According to the World Green Building Trends 2018 report, more people will be making the majority (over 60%) of their building projects green buildings, however, not all of those will be certified projects. So although green activity is increasing, strategic certification is taking place.
“The gap among those doing the majority of their projects green and those who are actually seeking certification on the majority of their projects is expected to grow between 2018 and 2021,” says the report from Dodge Data and Analytics.
Globally, client demands, environmental regulations and the desire for healthier buildings are the top drivers for future green building activity.
The higher cost (real or perceived) of building green still remains the top barrier globally and in South Africa. Lack of political support and lack of public awareness were also highlighted as major barriers, but the degree to which each of these top three barriers is influential varies from country to country.
South Africa – retrofit projects will lead
The report showed that lower operating costs is the top driver for future green buildings in South Africa, where the costs of utilities continue to increase.

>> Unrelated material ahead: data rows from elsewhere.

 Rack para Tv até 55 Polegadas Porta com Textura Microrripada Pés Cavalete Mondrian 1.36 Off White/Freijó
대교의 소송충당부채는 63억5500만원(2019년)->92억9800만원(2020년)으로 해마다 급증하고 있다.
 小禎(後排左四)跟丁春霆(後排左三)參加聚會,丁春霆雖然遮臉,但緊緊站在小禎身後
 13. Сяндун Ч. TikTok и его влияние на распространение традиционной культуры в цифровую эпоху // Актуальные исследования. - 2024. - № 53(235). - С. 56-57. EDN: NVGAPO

Healthier buildings were also one of the top drivers in South Africa, as improved occupant health and wellbeing is one of the top two social reasons for building green, along with promoting sustainable business practices.

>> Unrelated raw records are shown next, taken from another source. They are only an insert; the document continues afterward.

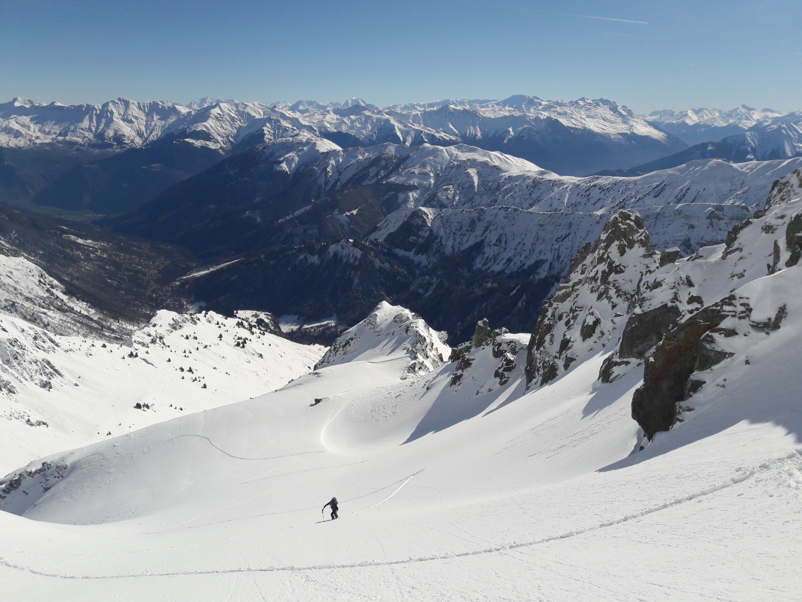 Est-ce qu'on bascule en face nord ? Non, trop sec, chutes de neige trop récentes et pas assez stabilisé, on redescend par le même itinéraire et on ira peut-être voir un des couloirs nord de la montagne du sambuis.
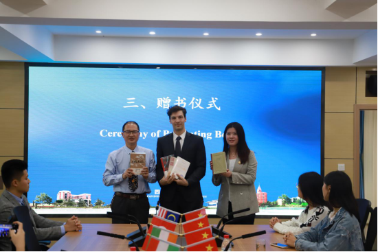 葛凯达先生代表总领事馆向我校赠送匈牙利作者出版的文学书籍,希望同学们通过阅读加深对匈牙利的认识,在匈牙利语学习上有所建树。最后,我校匈牙利语专业学生就匈牙利语学习工具、匈牙利饮食习惯、生活习俗等与葛凯达先生进行了交流。
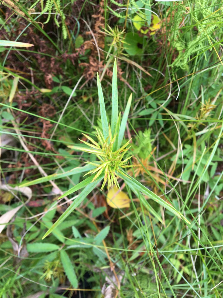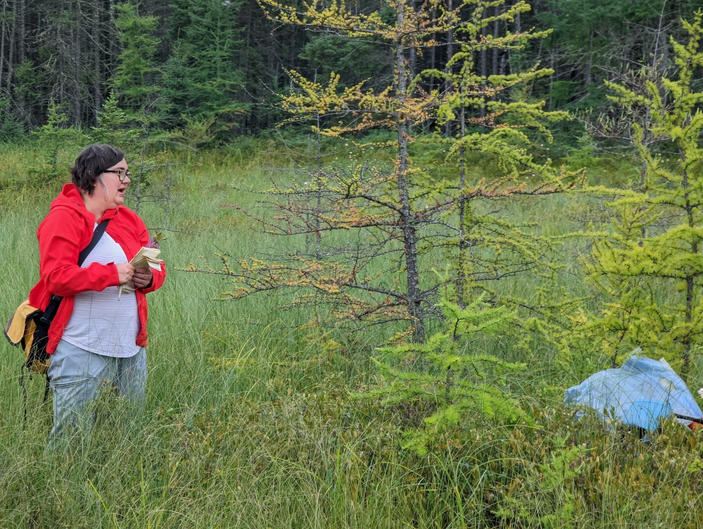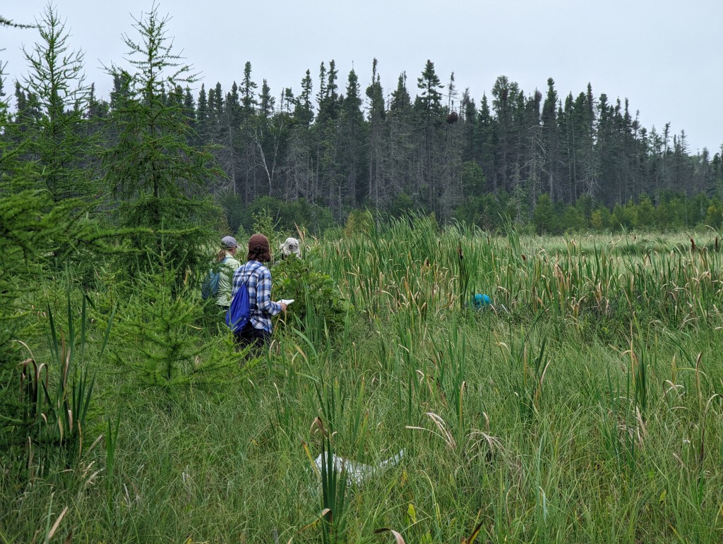 On Saturday, August 28, Arrowhead Native Plant Explorers held our first annual Plant Foray. The Forays are intended to provide the Olga Lakela Herbarium at UMD with fresh plant specimens for educational and research purposes. The morning showers ended, but our feet certainly got wet as we headed into the Blue Dasher Bog. Blue Dasher is one of the preserves owned by Friends of the Sax-Zim Bog in the extensive lowlands west of Cotton. Rubin Stenseng, who is on the board of both ANPE and FOSZB, welcomed us to the preserve. After following the trail through the shaded black spruce bog, we emerged into the open floating fen on the shore of East Stone Lake.
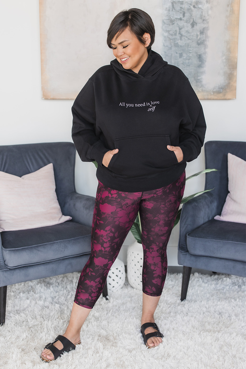Oh hello beautiful new crops! The pattern on our new Exclusives is stunning!! They are just the most beautiful and subtle floral print, and I am in love!! When I go to the gym, I require all of my leggings to have pockets, so these are a winner! They are plum backed too which means they are definitely not see-through! I am wearing the sample size XL but would get a L, which is my true size for our 8-way Exclusives.
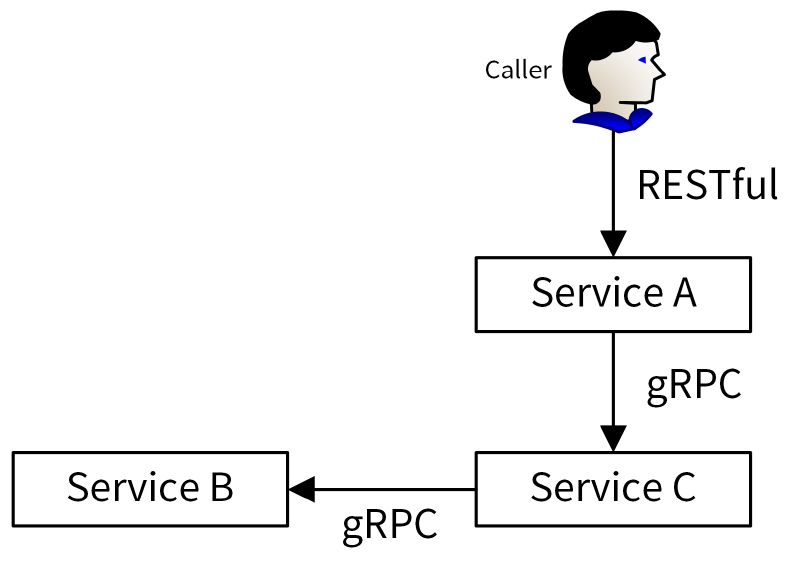 当然,更多的时候,RESTful API 和gRPC API是一种合作的关系,对内业务使用gRPC API,对外业务使用RESTful API,如下图所示:
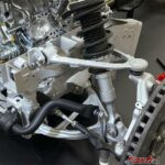 このエンジンでは、2基のターボチャージャーがVバンクの内側、Vの字の谷の部分に取り付けられている。そこから延びる排気管は直後でちょんまげのように曲がった触媒へと繋がり、ここで下方に曲げられて、床下へと伸びている。
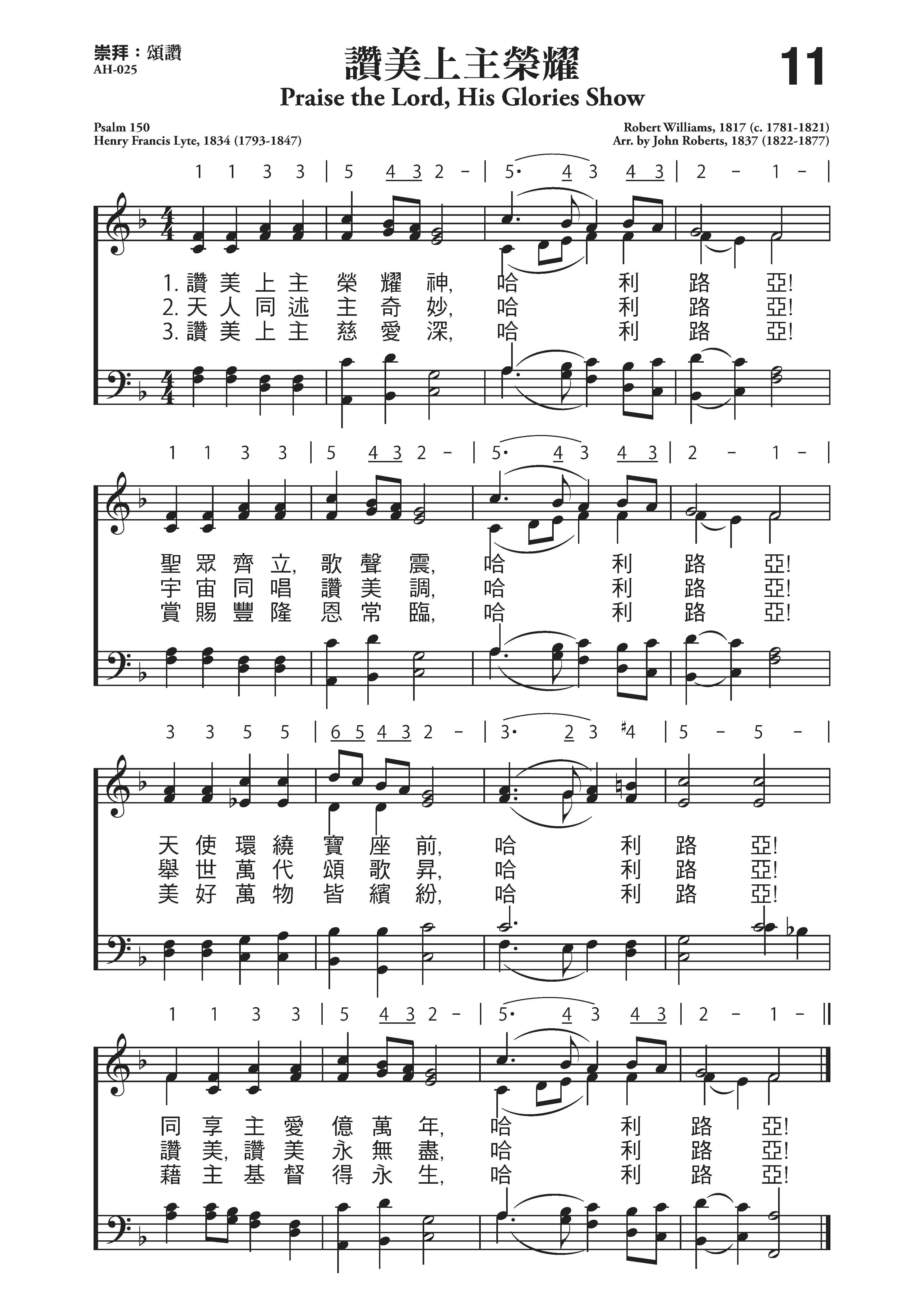 曲作者是英国威尔士盲人音乐家罗伯特.威廉斯。在每句之后都唱一遍“哈利路亚”,既合乎伪尔士信徒的传统,更烘托了歌唱时的气氛。《赞美诗》107首《主在高天掌权》也是用这个旋律。威廉斯生下来就双目失明,终生以编筐制篮为业。他具有优美的音色,灵敏的听觉,超强的记忆,所谱的圣诗曲调,富有威尔士的民族特色。

The biggest growth sector highlighted for South Africa is green retrofit projects. About 49% of SA respondents expect to do green retrofit projects, compared to 37% global average. “The drop in new building construction in SA and the need for new building owners to fully leverage their assets, retain tenants and building values, is closely linked to the expectation that renovations of existing buildings will be the top sector for green building in this market,” says the report.
Interestingly, South Africa also emerged as one of the countries with shorter payback periods green retrofit and renovation projects, with an average five-year payback period. This compares with countries like the UAE and Saudi Arabia with four year payback periods, and at the other end of the spectrum countries like the UK with a 12-year payback period and Ireland with 11 years.
South Africa specific data features on p. 66-67 of the report.